A couple posts back, I mentioned my friend Courtney’s 30×30 project. I was deliberately brief in my description of the project, preferring to keep things short, sweet and neat, but then I read this insightful article and allowed myself to wonder if I’ve been keeping too far of a distance between me and these posts.
Just to clarify, I still have no desire to turn this into anything more than a studio/design/inspiration blog: I don’t want to post thousands of self portraits, or ramble on incessantly about the minutiae of my day, or describe in great detail the all emotions I cycle through. But I understand that context – and its ability to found a personal connection between a writer and their readership – is important in a blog. The trick is to find a balance between context and over-sharing.
For the most part, I’ve tried to err on the side of caution. I avoid posting anything too personal because I honestly worry that prattling on about my life is going to bore people to death. I mean, who am to think my life is worth reading about, right?

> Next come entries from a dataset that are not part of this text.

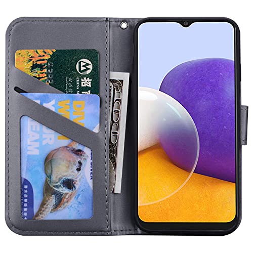 Auslbin Cover Samsung Galaxy A22 5G, Flip Cover Cartoon art Custodia Protettiva Caso Libro Pelle PU con Portafoglio,Funzione Supporto,Chiusura Magnetica-Grigio Orso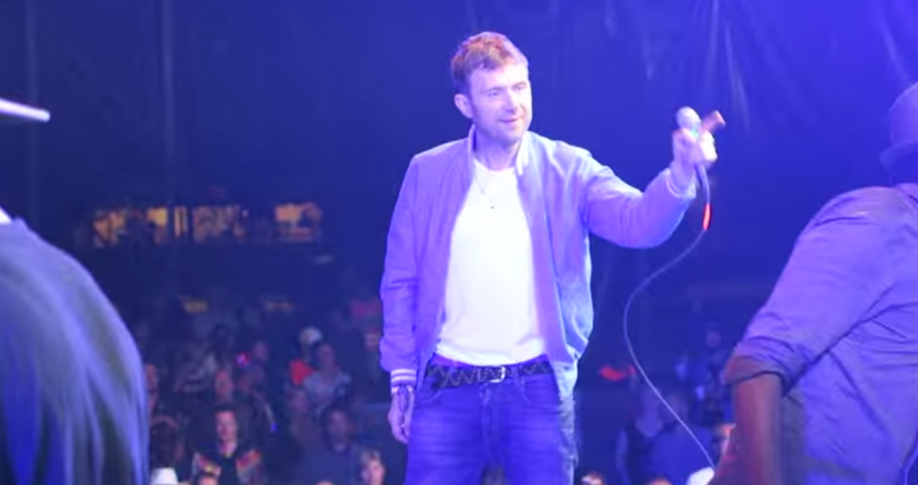 Denmark's Roskilde Festival ended this past weekend, and concertgoers who made it to the Africa Express supergroup set were treated with a very special performance by Damon Albarn. The Blur and Gorillaz frontman played a 5-hour set that came to an abrupt conclusion when a security officer told Albarn that his time was up. Albarn then asked the audience to continue cheering so his set could go on, before Africa Express stage manager Dave Prentice lifted him up and carried him off the stage. This all happened around 4AM, after Albarn performed a cover of the Clash's "Should I Stay Or Should I Go" and some of his own work alongside various other Africa Express collaborators, including Gorillaz' "Clint Eastwood." Below, watch videos from the performance and a clip of Albarn getting carried off-stage.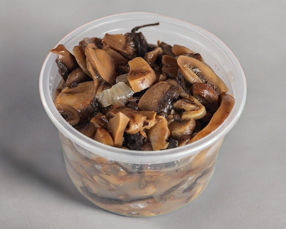 Medio litro de champiñones con cebolla. Incluye tortillas artesanales.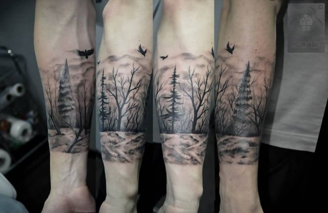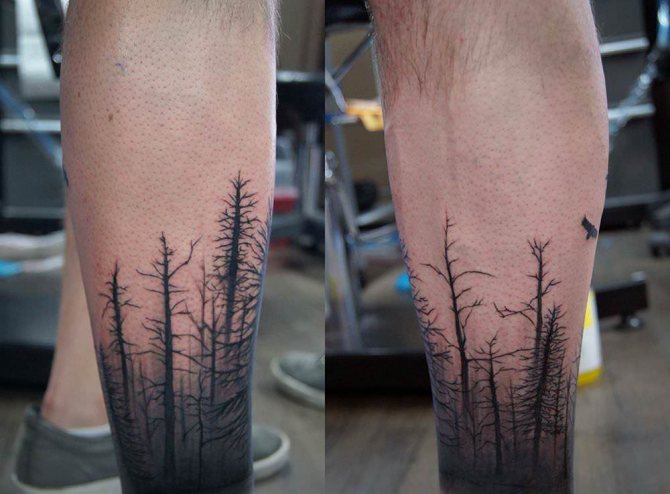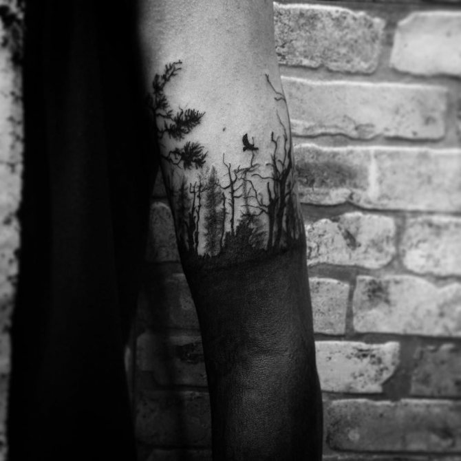 Un oiseau qui tourne au-dessus de la forêt symbolise les défenseurs qui gardent l'intérieur d'une personne et éloignent la négativité. Si l'oiseau est assis sur l'une des branches, cela signifie que la personne est assez conservatrice et a un caractère stable. Ces personnes sont fortes en esprit et ont un but précis. En général, on peut dire que le tatouage en forme de forêt symbolise la conscience dans la vie quotidienne, l'éternité, la cohérence dans leurs jugements et la sagesse profonde.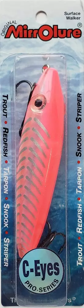 Features natural 3-D eyes, fish-catching finishes and premium black nickel hooks. The C85MR has that bright, reflective, luminescent insert that attracts fish. With a twitching retrieve, this Top Water Dog darts from side-to-side, calling in viscous strikes. Precision weight design allows Pro Dog JR. to cast long distances and walks with ease. The perfect “search bait” when probing the flats.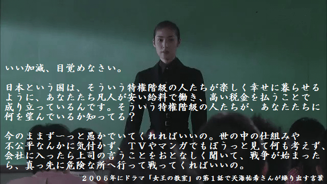【悲報】2005年に放送していたドラマ「女王の教室」のセリフを改めてみるとヤバすぎる件・・・ 2025年08月24日 カテゴリ:テレビ番組 1: 2023/12/11(月) 10:51:59.70 ID:YhKxruah0 10: 2023/12/11(月) 10:55:59.03 ID:TQT/425B0 ゆとり教育の時代だからしゃーない 19: 2023/12/11(月) 11:00:02.90 ID:Ouxa5jqFd この当時でさえ打ち切り論争あったからな、今なら放送すら無理やろ 【【悲報】2005年に放送していたドラマ「女王の教室」のセリフを改めてみるとヤバすぎる件・・・】の続きを読む タグ :#ドラマ

This isn’t necessarily a self-esteem issue. The high value placed on humility here in Asia is certainly something that has shaped my perspective, though perhaps not necessarily always for the best. While my first instinct is always to avoid personal commentary on each project so as to not sound self-important, I need to accept that my vision and voice matter to my business and blog. Moreover, I need to accept that this way of thinking isn’t about being arrogant, it’s simply about owning my life and the person I am.
That’s where the 30×30 project comes in. For the next 30 days, I will be challenging the fundamentals of my Asian upbringing to make an unabashedly self-affirmative statement each day. The theme of this challenge was actually my suggestion, one that initially felt somewhat reckless but now feels almost serendipitous. Though I’m still not prepared to turn this blog into an online personal diary, I have decided I’m going to try to work in a little more context, and a little more of myself.
Please consider this a long-winded invitation to join me in some healthy self-love as the 30×30 challenge gets going. We all know at least one person who just doesn’t realize how amazing they are, and even if you aren’t ready to admit that that person is you, I hope you’ll share this with someone who could use a reminder to appreciate themselves a bit more. You can read my daily Facebook updates on the project’s main page.
Photo from Hippy Hippy Chic – not of me, of course. I’m not sure if I’m ready to cross that line yet, but I’m shuffling ever closer.